Coco maybe. He has struggled ever since being in Boston except in June and July this year. Hate to jinx his changing stroke now.

Eric Gagne has allowed 7 ER in his 4 IP in Boston.

Counter Examples:

David Ortiz, Mike Lowell, Dice-K, Mark Bellhorn and about anybody doing well in Boston.

It is said that the pressure in Boston is higher then anywhere else. It can be blamed on WEEI’s relentless sports talk. Maybe the constant media coverage from people like Shaughnessy who need to create stories everyday. The worst part of being a baseball player in Boston would have to be the most obsessive fans in the world.
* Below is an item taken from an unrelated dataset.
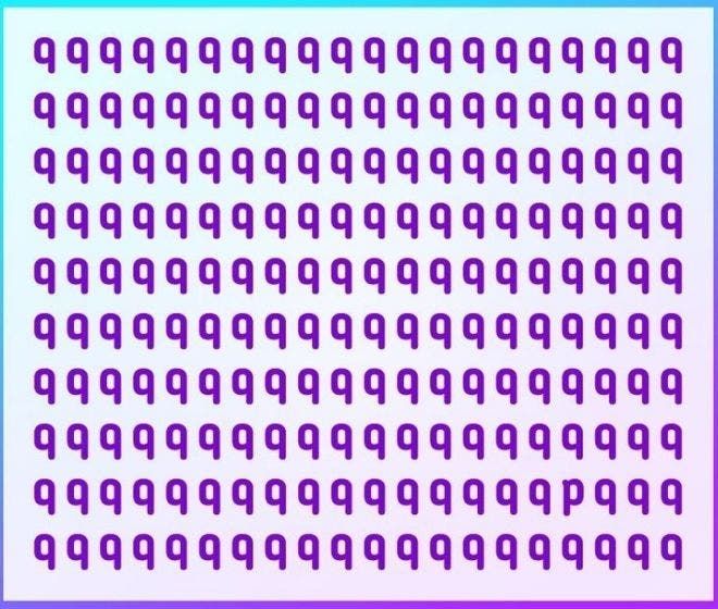 Los acertijos visuales se han convertido en una tendencia viral en Internet, capturando la atención de personas de todas las edades. Estos desafíos ofrecen una forma entretenida de poner a prueba las habilidades de observación y percepción, convirtiéndose en un fenómeno en las redes sociales. El último reto que circula online presenta una imagen repleta de letras Q de color violeta sobre un fondo celeste, entre las cuales se esconde una solitaria letra P. Detectar esta diferencia no es tarea fácil, lo que convierte al desafío en una prueba intrigante para quienes se animan a participar.

Even David Wells has said he felt uncomfortable in Boston. David Wells not exactly being a guy who shys away from attention. Dice-K has commented that in Boston he never has privacy. Yet many would say this year he has overperformed many peoples first year expectations of him.

On the flip side, Mark Bellhorn admitted the booing got into his head. Yet in 2004, he had one of his best seasons ever in Boston. And when he went to San Diego, one of the most laid back places in baseball, he had one of his worst seasons ever.

So currently, is Gagne another victim of a big city fever?

Gagne did spend his best years in LA LA land. The attention isn’t as big as in Boston but bigger then most small cities. Gagne so far has been a bombshell. With two outs hitters have been 5 for 8 against Gagne. He’s allowed 3 more ER then innings pitched. But he has only been in Boston for a couple weeks.

So does going to a big city hurt players?